Michael began his law enforcement career as an undercover officer in the Intelligence
Unit, specializing in “subversive group” activity working with State and Federal Agencies needing his expertise.
His first uniformed assignment was to the largest Patrol District and most diverse area of the City. After ten years of working
the streets, he was transferred to the Police Academy was promoted to Corporal and served in an administrative and teaching
capacity. When promoted to sergeant he was first assigned to the Patrol Bureau as a squad supervisor, then to the Audio Visual
Unit as a Platoon Supervisor, and later to the Prisoner Detention Unit as a Platoon Leader.
As a Lieutenant he was assigned to a patrol district in West Philadelphia as a
Platoon Commander. A section of the City made infamous by two violent confrontations with the so called, “Back to Nature”
group, MOVE. Also as a lieutenant he was a Platoon Commander and administrative assistant to the Captain in Central Detective
Division covering all of Center City Philadelphia.
As Captain Michael was asked to oversee two squads of Internal Affairs Investigators,
one dealt with all levels of complaints against police and another plain clothes surveillance squad dealt with all alleged
City employee misconduct. Also as Captain he served as the Commanding Officer of a Patrol District in South Philadelphia,
managing a large portion of the City’s entertainment district, including the Avenue of the Arts and the celebrated South
When promoted to Inspector he was transferred to the Command Inspection Bureau
where he managed a squad of captains who supervised over night patrol and investigative functions for the entire Police Department.
Additionally, as an Inspector he was asked to join the Commissioner’s inner circle as, Special Assistant for Education
and Training, then appointed Commanding Officer for Advanced Training. For the last two years of his law enforcement career,
the Police Commissioner asked him to take command of the Education and Training Bureau, and Police College. In that position,
he was appointed to serve as Commissioner on the State Law Enforcement Education and Training Commission. He retired from
the Police Department with the pension benefits of a Chief Inspector.
After retiring from the Philadelphia Police Department in 2002, Michael took a
position as Manager of Public Services Training and Director of the Municipal Police Academy in Montgomery County, Pennsylvania.
In that position, he was appointed as President of the Directors Association on the State Law Enforcement Education and Training
Commission.

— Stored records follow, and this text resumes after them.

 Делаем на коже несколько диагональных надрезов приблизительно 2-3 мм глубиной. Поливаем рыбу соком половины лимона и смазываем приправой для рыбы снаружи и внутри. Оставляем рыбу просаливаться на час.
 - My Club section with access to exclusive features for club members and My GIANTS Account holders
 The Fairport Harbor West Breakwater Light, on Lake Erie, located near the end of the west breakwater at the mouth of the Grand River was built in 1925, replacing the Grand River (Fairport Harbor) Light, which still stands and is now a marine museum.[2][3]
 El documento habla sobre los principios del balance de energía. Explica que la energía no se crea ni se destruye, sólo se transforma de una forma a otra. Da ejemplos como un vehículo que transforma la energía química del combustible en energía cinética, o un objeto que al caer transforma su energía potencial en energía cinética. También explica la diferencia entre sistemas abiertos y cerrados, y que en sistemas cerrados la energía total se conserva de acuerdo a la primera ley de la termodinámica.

He also worked as a Criminal Justice Instructor and Evening Campus Manager for CHI Institute in Bucks County,
Pennsylvania. Michael has also volunteered as a Constitutional Law Instructor at the Philadelphia Police Academy. Michael has authored articles, and initiated numerous training materials for recruit
and veteran officers, in the Philadelphia Police Department and around the State. Trojan Horse 4
was Michael’s first completed work of fiction. It was followed quickly by Children of the Clan
and Dublin Odyssey. His next novel, Imperfect Contrition is due out in early 2012.
According to the book description of Trojan Horse 4,
“It took twenty years, but Chief Inspector Odysseus is now positioned to settle his score with the Philly PD. On Constitution
Day 1991, the anarchy begins. Only one thing stands in his way, Sergeant Mickey Devlin.”

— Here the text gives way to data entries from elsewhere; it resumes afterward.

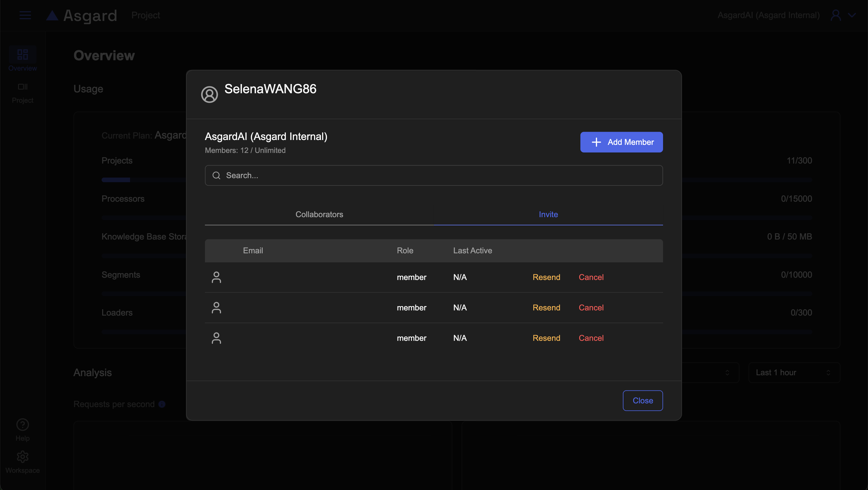 點擊Add Member並輸入email即可完成邀請。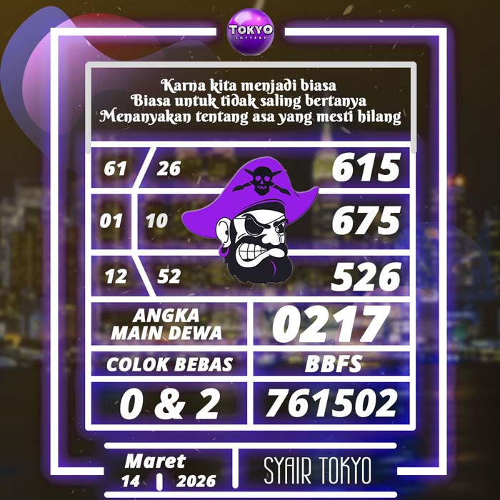 PREDIKSI TOGEL TOKYO HARI INI SABTU 14 MARET 2026 adalah merupakan rumusan dan perhitungan ahli togel yang mempelajari semua data-data live draw TOKYO yang telah keluaran TOKYO, jitu togel prediksi mempelajari dan menyusun cara terbaik sehingga menghasilkan rumus togel jitu untuk membantu pecinta togel erek 88 agar segera mendapatkan jackpot. Untuk pecinta togel ketahu i stragegi jitu ini di rumuskan bocoran jitu karena telah kami buktikan sendiri sebelumnya sehingga prediksi yang kami berikan adalah prediksi prediksi totokita terbaik memperbesar peluang kemenangan dalam bermain toto TOKYO. PREDIKSI TOGEL TOKYO HARI INI mempelajari dan mengunakan prediksi prediksi angka togel memang memperbesar peluang jackpot syair angka, tetapi pecinta togel angka main hari ini tetap harus prediksi TOKYO 4d mengutamakan rumus togel hari ini dan firasat pecinta togel prediksi terjitu.
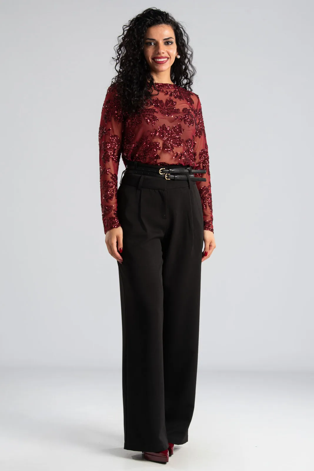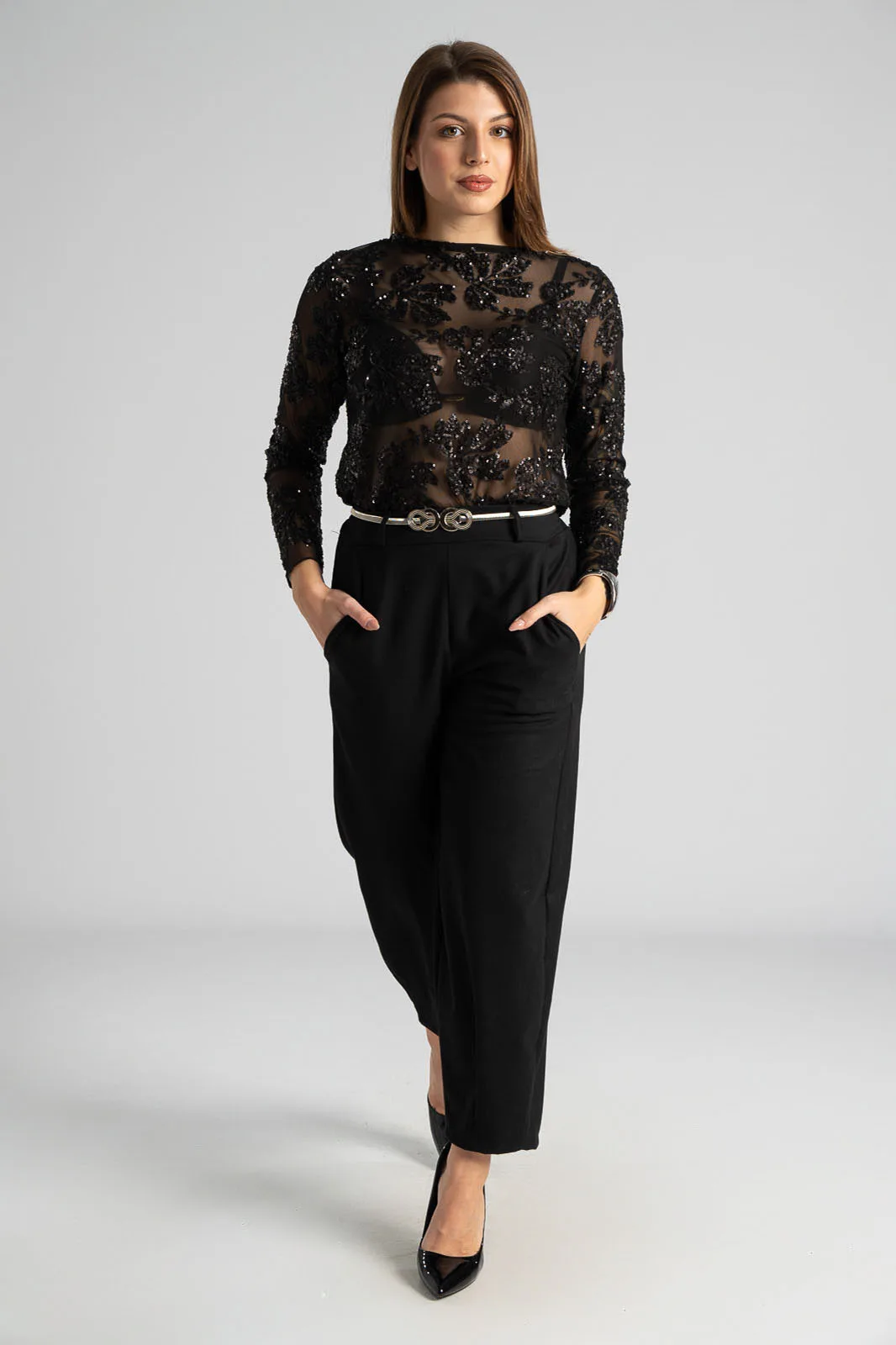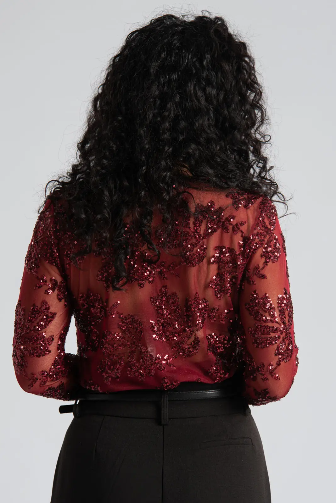 Blouse with round neckline. It has long sleeves. It is made entirely of tulle and has decorative leaf-shaped sequins. The measurements in the table are representative for each product. 100% polyester.
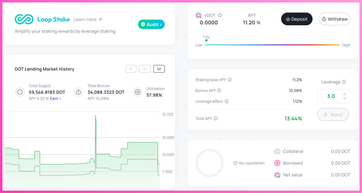 vDOTのステーキング報酬を活用したい方のために、Bifrost LoopStakeはユニークな貸出/借入ループメカニズムを提供します。以下は主な特徴です:
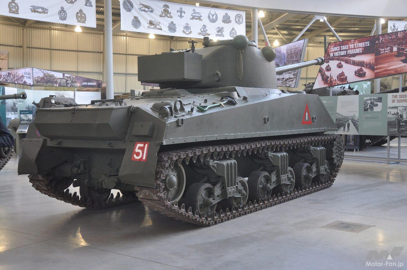 第二次世界大戦時に登場したアメリカ製の中戦車。優れた機動力と火力をバランスさせたアメリカを代表する戦車である。自動車工場や機関車工場など11社もの工場で生産され、1942~1945年の間に5万台以上が製造された。M4戦車シリーズはアメリカ陸軍/海兵隊のみならず、イギリス軍やカナダ軍、自由フランス軍、ソ連軍などの同盟国に供給され、連合軍勝利の原動力となった。戦後も西側諸国を中心に広く使用され、朝鮮戦争やインドシナ戦争、中東戦争などで活躍している。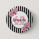 Macaron Rond 5 Cm 60e anniversaire rose roses noir blanc rayures

According to the book description Children of the Clan,
“In 1993, the Philly PD all but lost the war on drugs to violent street gangs. The DA’s DIVA Task Force, lead
by Lieutenant Mickey Devlin detailed from Homicide, was the only barrier between order and chaos.”

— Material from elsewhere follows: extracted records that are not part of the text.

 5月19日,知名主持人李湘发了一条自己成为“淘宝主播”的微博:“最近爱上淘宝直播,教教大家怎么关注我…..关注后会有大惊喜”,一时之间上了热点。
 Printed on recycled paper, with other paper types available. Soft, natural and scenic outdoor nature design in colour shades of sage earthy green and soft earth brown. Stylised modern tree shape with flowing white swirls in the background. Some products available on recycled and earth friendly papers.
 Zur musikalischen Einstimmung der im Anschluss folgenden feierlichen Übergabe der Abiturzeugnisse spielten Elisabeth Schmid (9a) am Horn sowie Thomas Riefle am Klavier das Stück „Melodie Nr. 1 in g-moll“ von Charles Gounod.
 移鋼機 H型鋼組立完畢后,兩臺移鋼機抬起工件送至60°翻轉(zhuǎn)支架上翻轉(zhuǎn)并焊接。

According to the book description Dublin Odyssey, “In
1996, Police Captain Mickey Devlin gets to follow his hunch on the whereabouts of “The Greek,” convicted cop-killer,
terrorist and ex-Chief Inspector, to Dublin, Ireland. While the Greek plans something historic, he doesn’t factor in
Mickey, his Academy classmate.”
About the Philadelphia
Police DepartmentThe history of the Philadelphia
Police Department traces its origin to Hans Block who, in 1663, established the first system of patrol in the city's Swedish
settlement. By the year 1700, Philadelphia had increased its population to 4,400. As a result of this growth,
the citizenry established a method of citizen participation known as "Town Watch." This system remained the basic
form of police protection until 1751.
Today, Philadelphia, with approximately 6,900 uniformed police, has the fourth
largest police department in the country. Philadelphia is also the fourth largest per capita among the twenty largest cities
in America. Department sizes among major cities vary greatly, from Indianapolis with 1,030 to New York City with 36,800. Philadelphia’s
own department has fluctuated in size over the years, from a peak of 8,500 in 1979 to just over 6,000 in the early 1990s.